Matthew Wilcox managed to fill a room with a standing-room-only crowd (and
not much standing room, at that) despite being scheduled at the same time
as Andrew Tridgell. His topic - solid-state drives - is clearly
interesting to a lot of people. Matthew discussed some of the issues with
these drives, many of which have been covered here in the past. Those
problems are being slowly resolved by the manufacturers, but there is a
different class of problems which is now coming to the fore. There are
certain kinds of kernel overhead which one doesn't notice when an I/O
operation takes milliseconds to complete. When that operation completes in
microseconds, though, that kernel overhead can become a bottleneck. So he
has been working on finding these problems and fixing them, but it is going
to take a while. He made the interesting observation that, at SSD speeds,
block I/O starts to look more like network traffic, and the kernel needs to
adopt some of the same techniques to be able to keep up with the hardware.
The Penguin Dinner auction was back this year, after having been dropped
from the schedule in 2008. The auction is always an interesting event,
often involving people deciding to spend a few thousand dollars on a
T-shirt after having consumed enough alcohol to make any such decision
especially unwise. This year's auction beneficiary was the Save The Tasmanian Devil
organization, which came away from the event somewhat richer than it
had hoped. After a long series of bids, matching offers, and simple
passing-the-hat in the crowd, a large consortium of bidders managed to get
a total of nearly AU$40,000 pledged to this cause. There was one
condition, though: Bdale Garbee not only had to lose his beard, but it had
to be done at the hands of Linus Torvalds.
The "free as in beard" event happened on the last day of the conference.
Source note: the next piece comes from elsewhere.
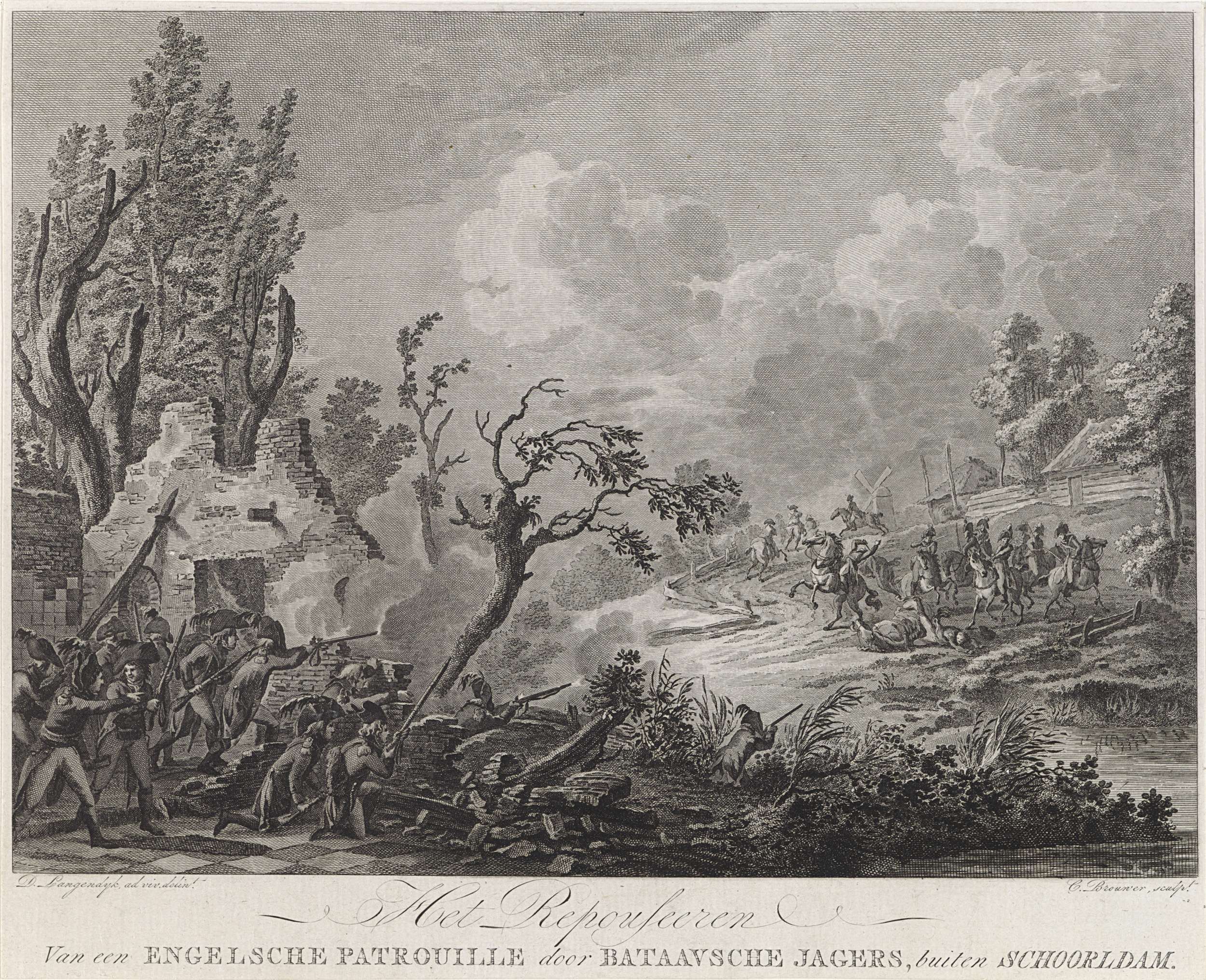 Een Britse patrouille wordt door Bataafse jagers onder vuur genomen, bij Schoorldam, 1799. Vanachter de ruïnes van een gebouw schieten de soldaten op de Britse ruiters.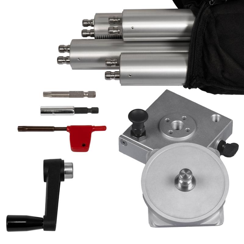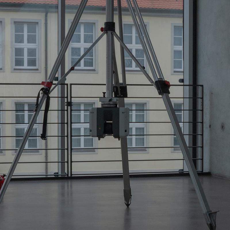 Flexible 2-way telescope tripod developed in Germany, designed for Leica RTC360 laser scanner. Enables scanning up to 4.0 m height or 4.5 m below ground (manhole scanning). Features 5/8" thread, crank drive, anti-twist geared column, spirit level, extension rods, and overhead adapter. Includes robust case and accessories for stable and safe use.

As was noted in the live Twitter feed being projected in the room, it was
most surreal to sit in a room of 500 people all quietly watching a man
shave. Bdale's wife, who took the picture which was nominally the object
being auctioned, has made it clear that he will not be allowed to attend
LCA unaccompanied again.
In 2010, linux.conf.au will, for the second time ever, not be held in
Australia. The winning bid for next year came from Wellington, New
Zealand - a setting which rivals Hobart in beauty. Mark your calendars for
January 18 to 23; it should be a good time.